Directions =>
Each line of the data must be written out again verbatim; no image belongs in the copy.
Recorded information: Begin
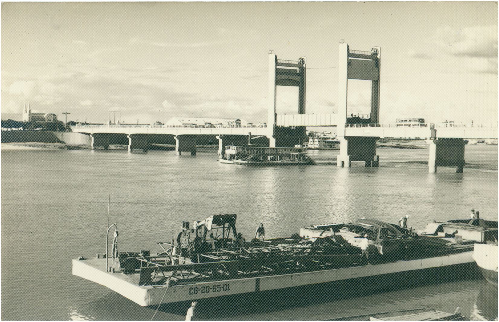Inscrição na foto: Nota-se à esquerda a Catedral de Petrolina e a parte móvel da Ponte, por onde passam as embarcações de grande porte.
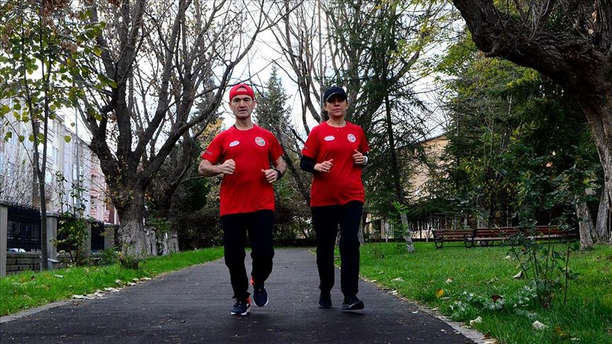 Haftada yaklaşık 100'er kilometre koşan çift, hem iş hem de spor hayatlarıyla herkese örnek oluyor.
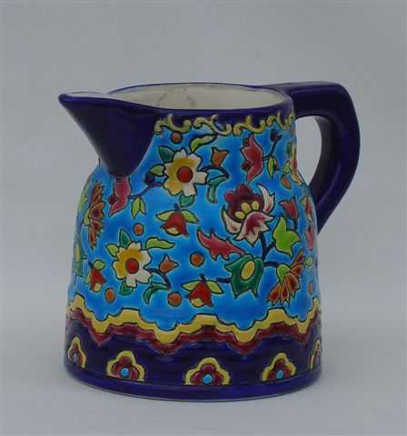 PICHET. Décor plein de fleurs polychromes sur fond bleu. Anse et bec verseur bleu foncé. Marque manuscrite D 5900 K et F 3376.
Recorded information: End
Answer area =>
Inscrição na foto: Nota-se à esquerda a Catedral de Petrolina e a parte móvel da Ponte, por onde passam as embarcações de grande porte.
 Haftada yaklaşık 100'er kilometre koşan çift, hem iş hem de spor hayatlarıyla herkese örnek oluyor.
 PICHET. Décor plein de fleurs polychromes sur fond bleu. Anse et bec verseur bleu foncé. Marque manuscrite D 5900 K et F 3376.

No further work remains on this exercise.